▸ **Required work**: All lines below starting at the one that holds "Kick the crab" and ending at the one that holds "hasta completar aforo." should be printed exactly, ends included. Pictures should not be printed, nor anything else.

▸ **Data for review**:
#####
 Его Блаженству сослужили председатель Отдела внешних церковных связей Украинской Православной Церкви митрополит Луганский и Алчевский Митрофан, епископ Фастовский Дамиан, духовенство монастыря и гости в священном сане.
#####
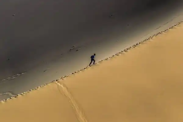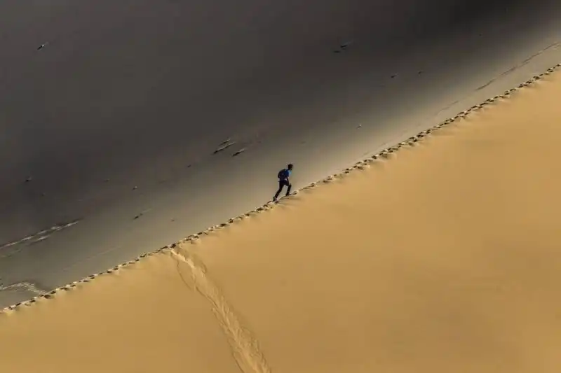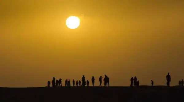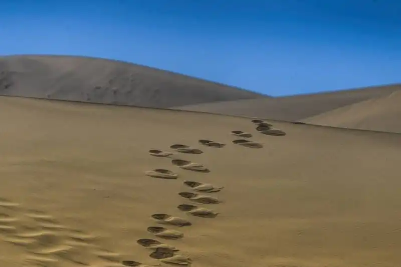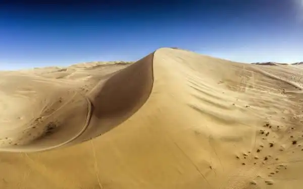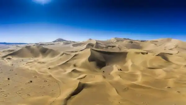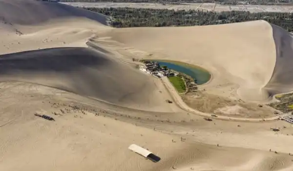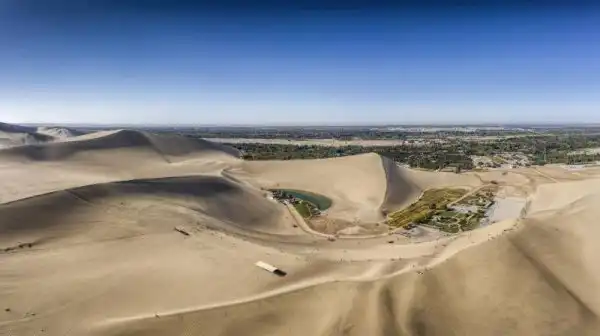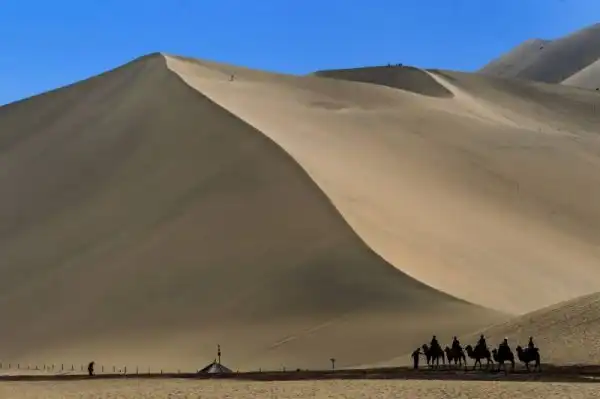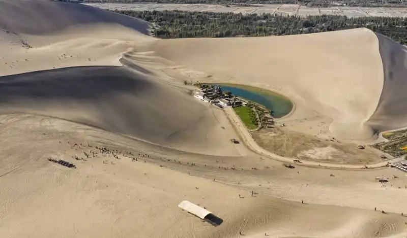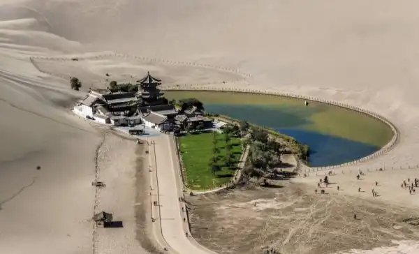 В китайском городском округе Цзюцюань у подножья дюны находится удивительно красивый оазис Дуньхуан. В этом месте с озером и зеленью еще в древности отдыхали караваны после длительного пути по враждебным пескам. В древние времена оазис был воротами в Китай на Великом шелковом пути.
#####
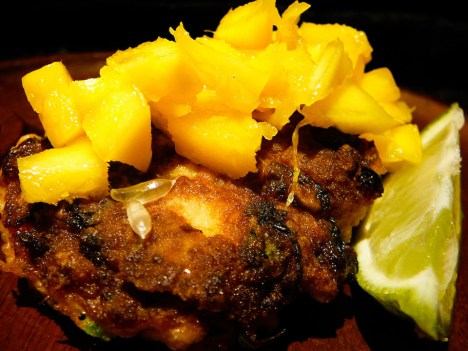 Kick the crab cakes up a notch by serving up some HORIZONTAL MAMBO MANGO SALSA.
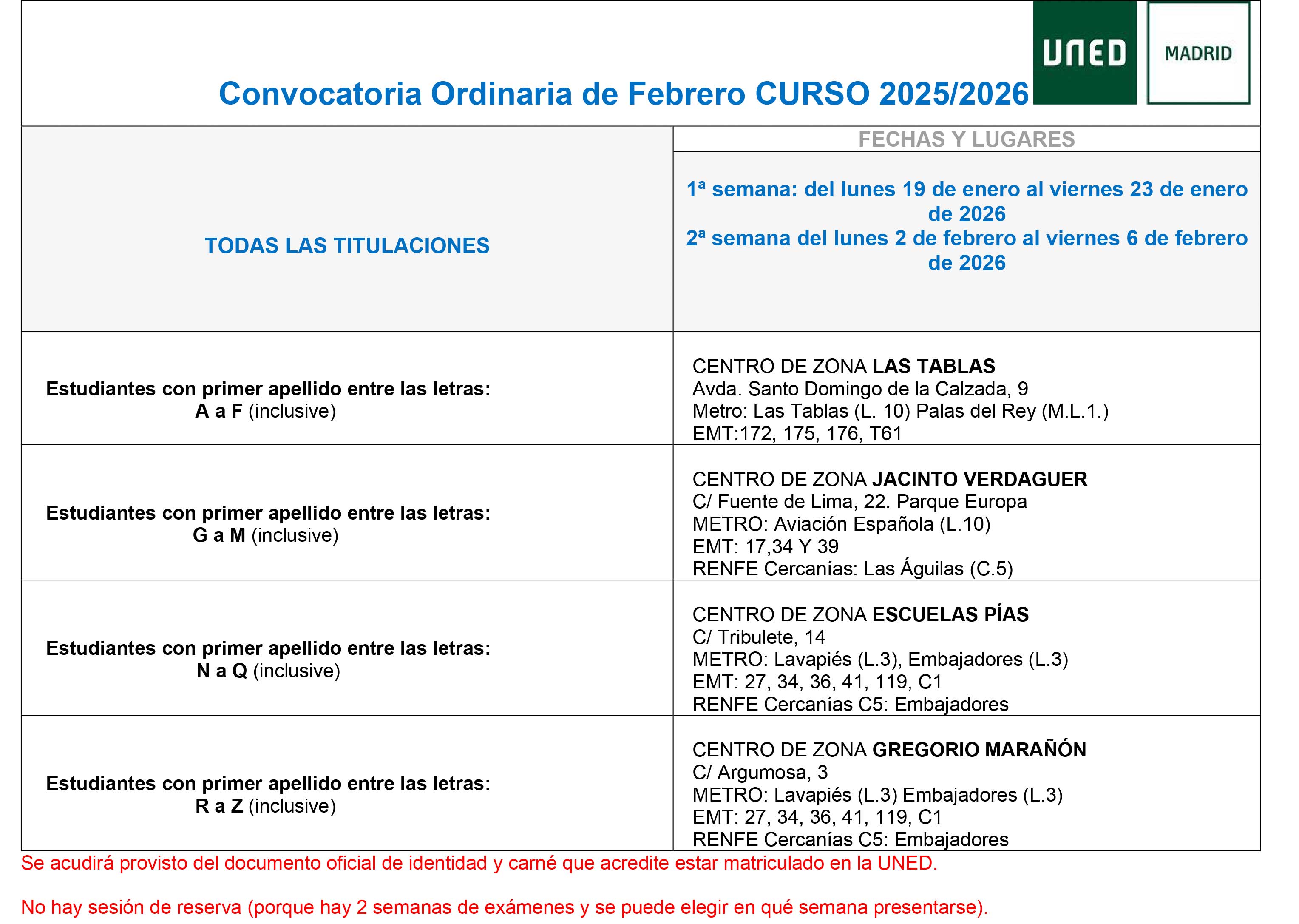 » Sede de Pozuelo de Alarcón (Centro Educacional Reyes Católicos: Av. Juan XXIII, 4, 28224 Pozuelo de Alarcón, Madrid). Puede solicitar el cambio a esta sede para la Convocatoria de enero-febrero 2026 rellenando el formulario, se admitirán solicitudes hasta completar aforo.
#####
▸ **Answer section**:
 Kick the crab cakes up a notch by serving up some HORIZONTAL MAMBO MANGO SALSA.
 » Sede de Pozuelo de Alarcón (Centro Educacional Reyes Católicos: Av. Juan XXIII, 4, 28224 Pozuelo de Alarcón, Madrid). Puede solicitar el cambio a esta sede para la Convocatoria de enero-febrero 2026 rellenando el formulario, se admitirán solicitudes hasta completar aforo.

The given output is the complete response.